Like any polite person would do, our speaker starts off by answering a question. Apparently the question that has been put to her is: "Just what in the wide world of sports are you talking about when you say 'I lost my tongue'?" Trickily, our speaker answers this question with a question of her own.
That question essentially is: "What would you do if you had two tongues in your head and then you lost one of them?" The lost tongue is the "mother tongue" (5) and the one our speaker has left is "the foreign tongue" (7). And then, she continues, let's say that you couldn't really know that foreign tongue, and that you couldn't use them both at the same time—even if you thought that way (both in your native and adopted language). If you had to live somewhere where you could only speak with the foreign tongue, then your mother tongue would "rot and die in your mouth" (13)—ew.
At least, this is what our speaker thought happened to her—until she had a dream. And then—boy howdy—the poem takes a sharp left turn. We move from the middle of this thought into a section of Gujrati writing (Gujarat is a state in northwest India). After each line, we get a helpful line in parenthesis of how to pronounce those Gujrati words.
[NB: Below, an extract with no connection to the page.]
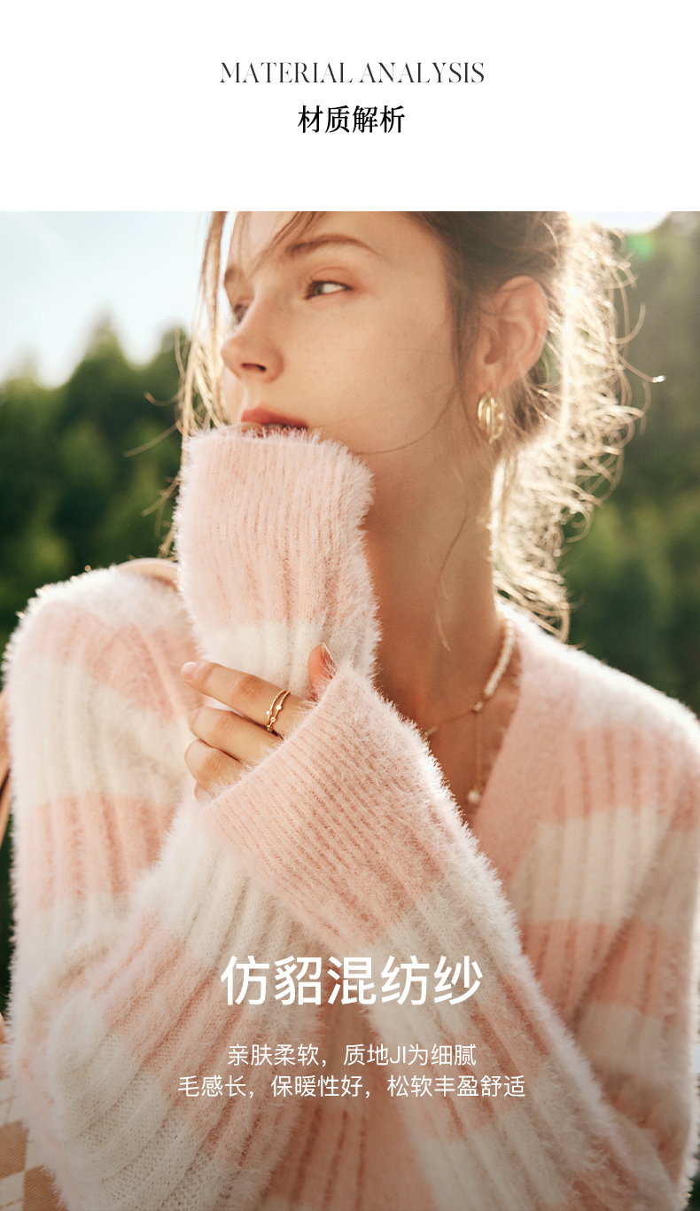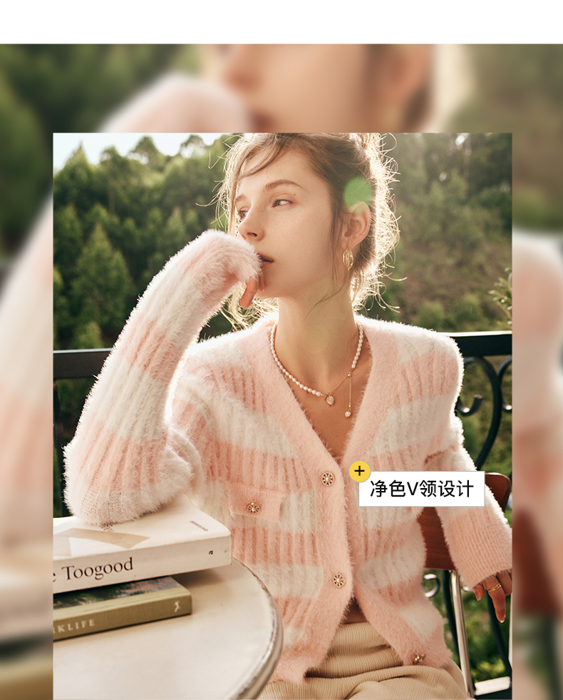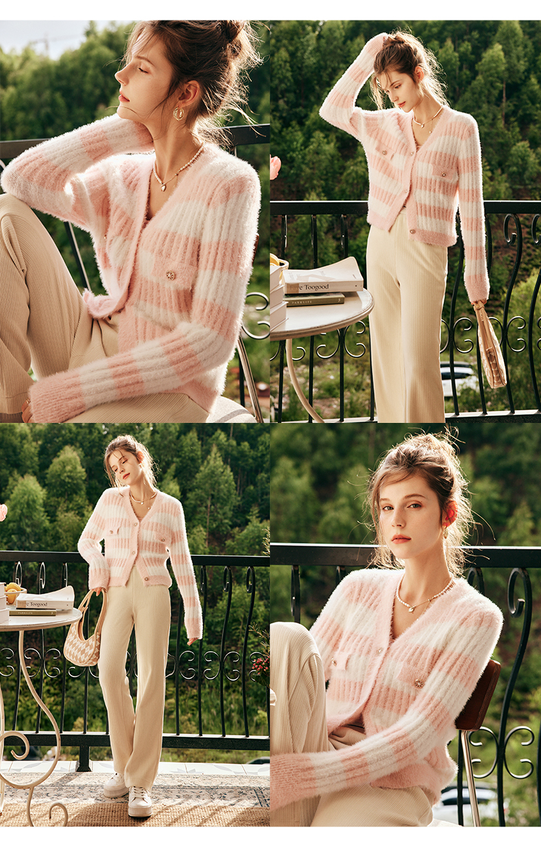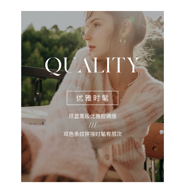 OLrain欧芮儿法式小香风毛衣外套女秋冬2022年新款条纹马海毛开衫

Then, after this section concludes, we get the English translation of the Gujrati section. It picks up right where the last line in English left off, explaining that the mother tongue grows back while the speaker dreams. She describes the new tongue like a plant, choking off the foreign tongue and then starting to bud in the speaker's mouth.
This sounds pretty unnerving, but the speaker doesn't seem to mind. She tells us that, every time she thinks she's forgotten her mother tongue, it comes blooming out of her mouth. And with that, our speaker is done speaking.